● **Instructions for the task**:
Write out the entries below exactly, starting at the first line and stopping after the line that contains "Product Detail: Item"; skip all pictures.

● **Exercise material**:
►
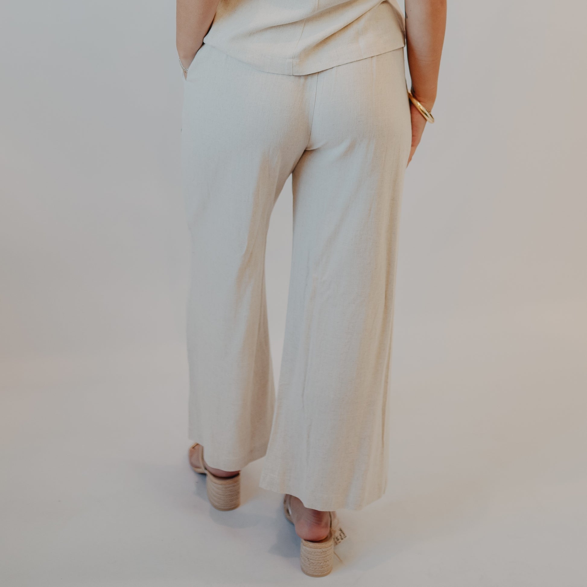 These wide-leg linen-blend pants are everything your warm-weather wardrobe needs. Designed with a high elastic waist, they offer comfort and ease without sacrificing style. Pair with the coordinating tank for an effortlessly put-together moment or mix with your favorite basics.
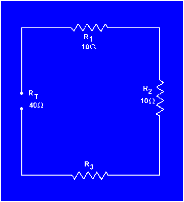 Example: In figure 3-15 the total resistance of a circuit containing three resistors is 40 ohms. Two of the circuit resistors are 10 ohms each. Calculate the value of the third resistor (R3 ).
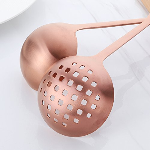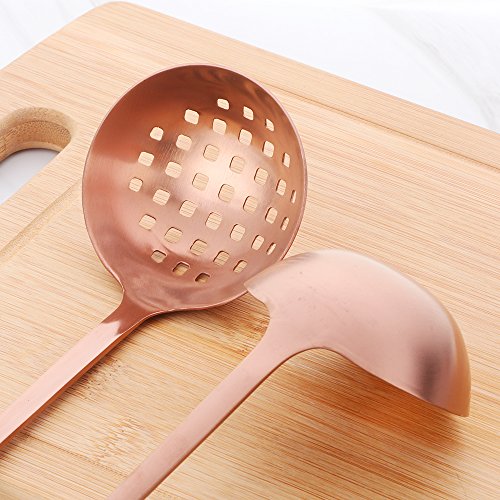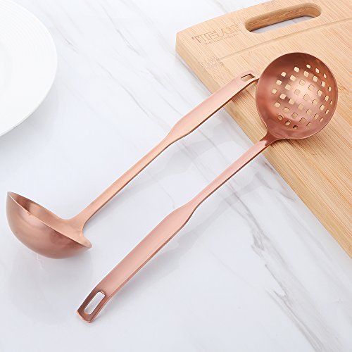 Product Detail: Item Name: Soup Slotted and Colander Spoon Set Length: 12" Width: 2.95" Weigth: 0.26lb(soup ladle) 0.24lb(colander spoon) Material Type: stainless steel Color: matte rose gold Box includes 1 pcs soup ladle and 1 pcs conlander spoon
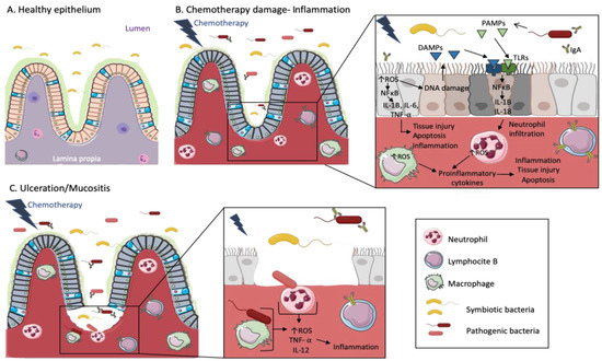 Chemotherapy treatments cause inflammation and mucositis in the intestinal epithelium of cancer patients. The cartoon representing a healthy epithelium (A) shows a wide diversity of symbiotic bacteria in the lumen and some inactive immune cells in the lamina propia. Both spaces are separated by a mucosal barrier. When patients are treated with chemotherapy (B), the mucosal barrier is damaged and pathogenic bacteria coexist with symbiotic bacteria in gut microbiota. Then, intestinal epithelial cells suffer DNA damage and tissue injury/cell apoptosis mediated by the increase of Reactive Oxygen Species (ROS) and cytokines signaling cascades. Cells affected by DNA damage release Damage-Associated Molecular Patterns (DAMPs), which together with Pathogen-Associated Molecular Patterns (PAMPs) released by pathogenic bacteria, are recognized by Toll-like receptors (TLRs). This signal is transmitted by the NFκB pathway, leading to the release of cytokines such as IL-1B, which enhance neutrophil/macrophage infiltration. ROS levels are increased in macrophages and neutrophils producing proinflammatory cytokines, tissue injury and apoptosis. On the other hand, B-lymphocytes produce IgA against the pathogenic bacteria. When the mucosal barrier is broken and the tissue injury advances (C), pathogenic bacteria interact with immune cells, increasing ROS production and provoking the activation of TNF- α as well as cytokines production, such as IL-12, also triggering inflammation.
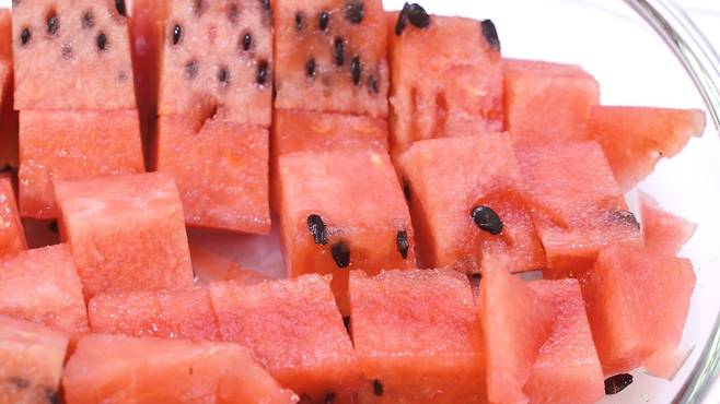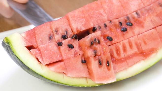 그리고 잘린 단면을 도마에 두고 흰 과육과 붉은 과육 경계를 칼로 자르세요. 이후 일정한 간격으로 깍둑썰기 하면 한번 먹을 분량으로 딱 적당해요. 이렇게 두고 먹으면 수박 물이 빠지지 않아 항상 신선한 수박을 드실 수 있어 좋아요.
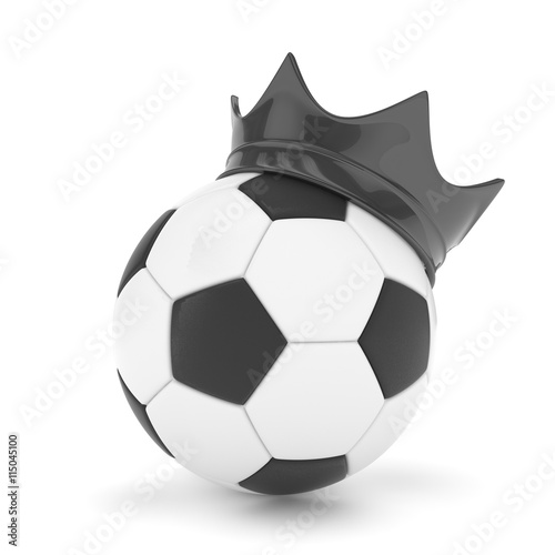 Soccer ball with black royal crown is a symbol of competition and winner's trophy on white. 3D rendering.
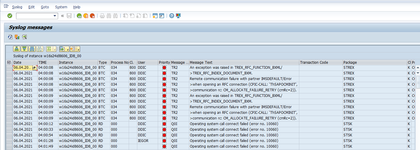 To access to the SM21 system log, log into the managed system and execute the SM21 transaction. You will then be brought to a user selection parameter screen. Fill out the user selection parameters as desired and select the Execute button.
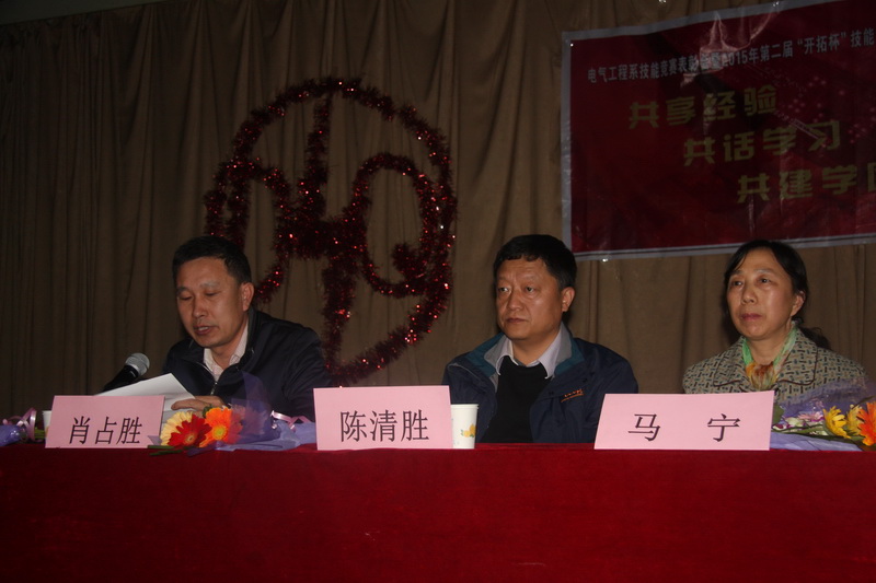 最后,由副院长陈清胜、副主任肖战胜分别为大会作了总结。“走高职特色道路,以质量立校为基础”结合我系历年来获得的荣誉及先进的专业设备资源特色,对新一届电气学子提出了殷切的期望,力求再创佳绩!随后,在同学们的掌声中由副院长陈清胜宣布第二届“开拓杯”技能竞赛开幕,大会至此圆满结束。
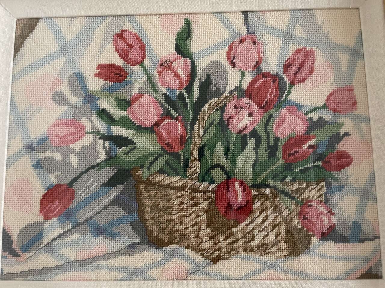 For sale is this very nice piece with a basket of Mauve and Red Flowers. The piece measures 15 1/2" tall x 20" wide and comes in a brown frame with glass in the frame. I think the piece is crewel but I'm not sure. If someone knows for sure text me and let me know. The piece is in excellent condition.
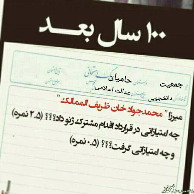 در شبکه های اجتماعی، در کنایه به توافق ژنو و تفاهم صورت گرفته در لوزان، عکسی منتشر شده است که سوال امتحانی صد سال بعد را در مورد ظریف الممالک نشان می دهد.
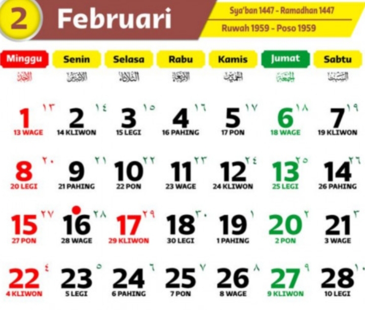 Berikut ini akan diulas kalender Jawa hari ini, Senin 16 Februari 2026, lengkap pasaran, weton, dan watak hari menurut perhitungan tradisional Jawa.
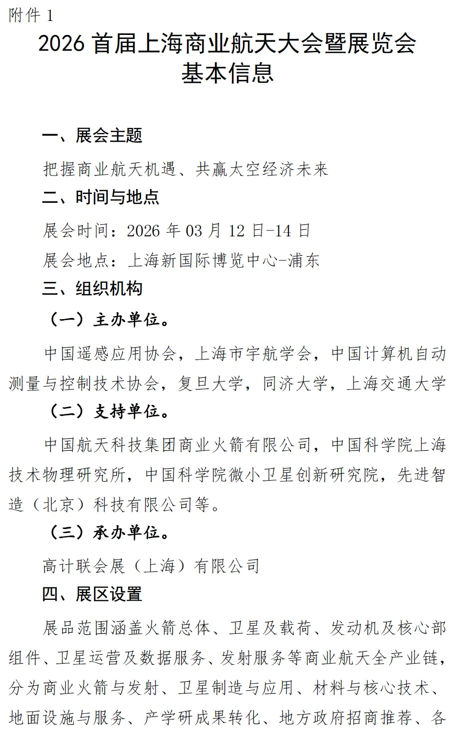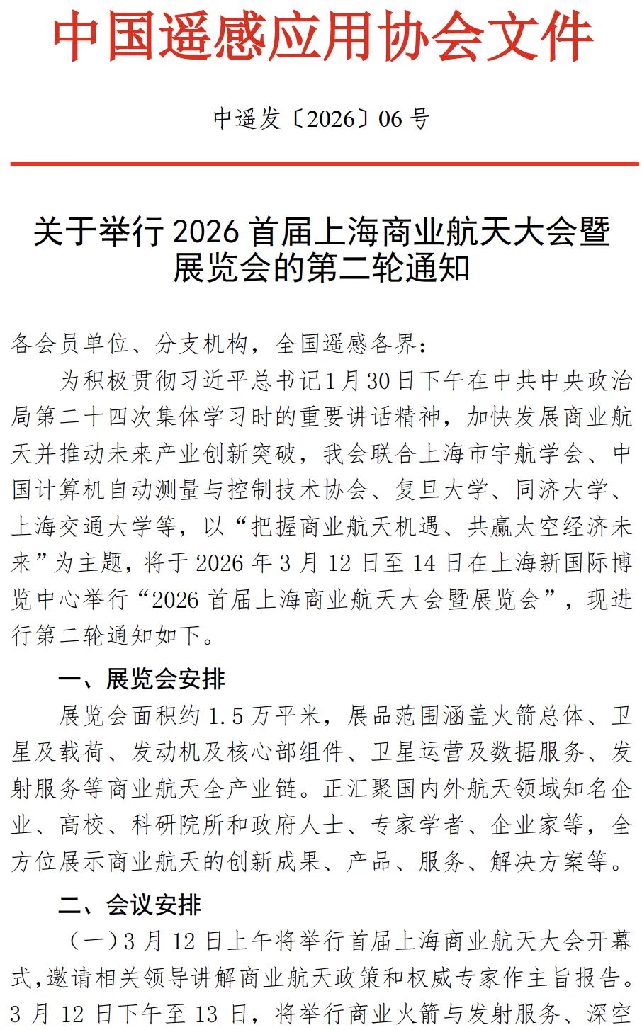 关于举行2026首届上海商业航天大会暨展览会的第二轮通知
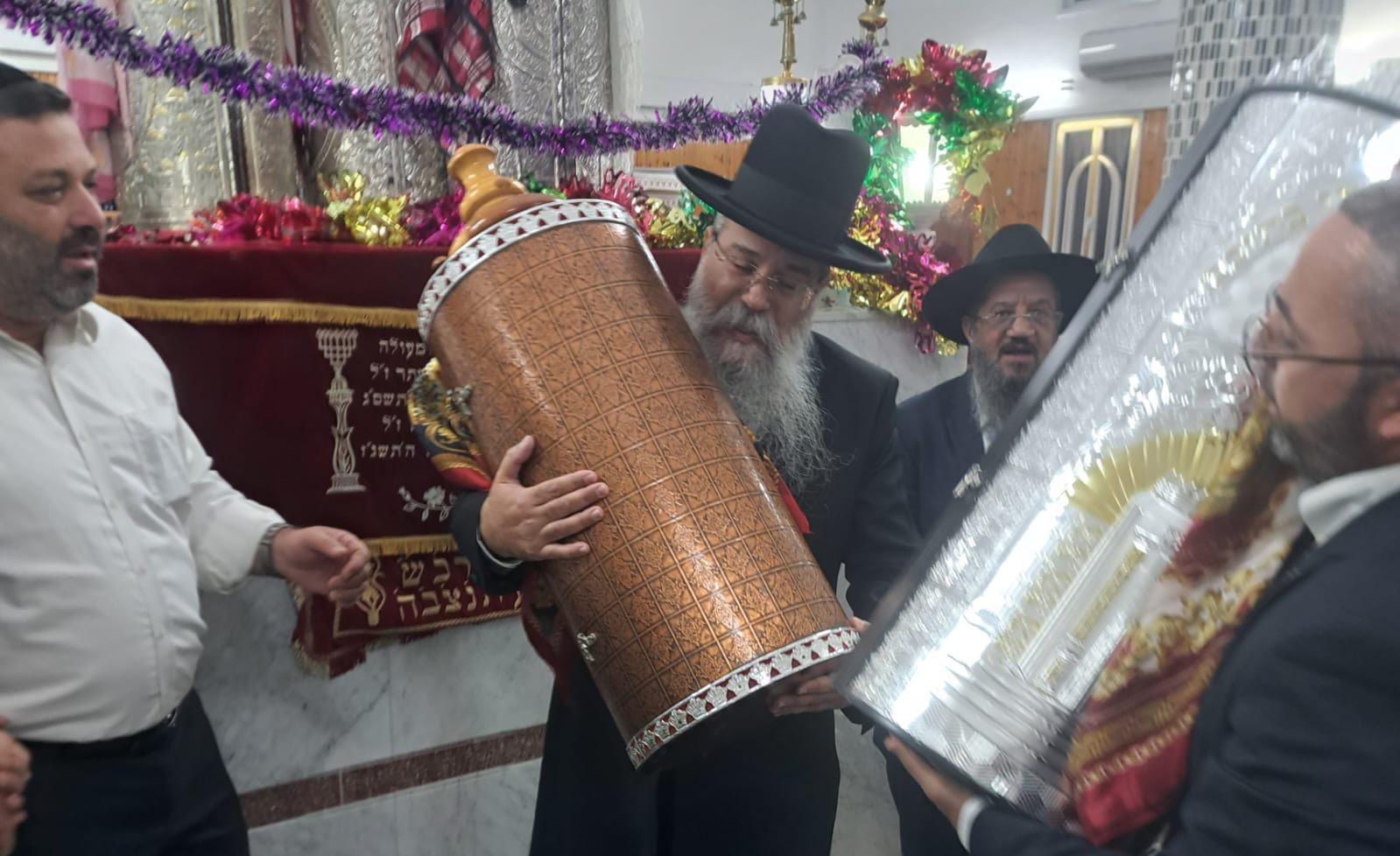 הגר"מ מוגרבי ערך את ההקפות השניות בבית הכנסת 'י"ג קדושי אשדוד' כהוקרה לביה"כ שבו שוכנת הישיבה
◄
● **Response box**:
 These wide-leg linen-blend pants are everything your warm-weather wardrobe needs. Designed with a high elastic waist, they offer comfort and ease without sacrificing style. Pair with the coordinating tank for an effortlessly put-together moment or mix with your favorite basics.
 Example: In figure 3-15 the total resistance of a circuit containing three resistors is 40 ohms. Two of the circuit resistors are 10 ohms each. Calculate the value of the third resistor (R3 ).
 Product Detail: Item Name: Soup Slotted and Colander Spoon Set Length: 12" Width: 2.95" Weigth: 0.26lb(soup ladle) 0.24lb(colander spoon) Material Type: stainless steel Color: matte rose gold Box includes 1 pcs soup ladle and 1 pcs conlander spoon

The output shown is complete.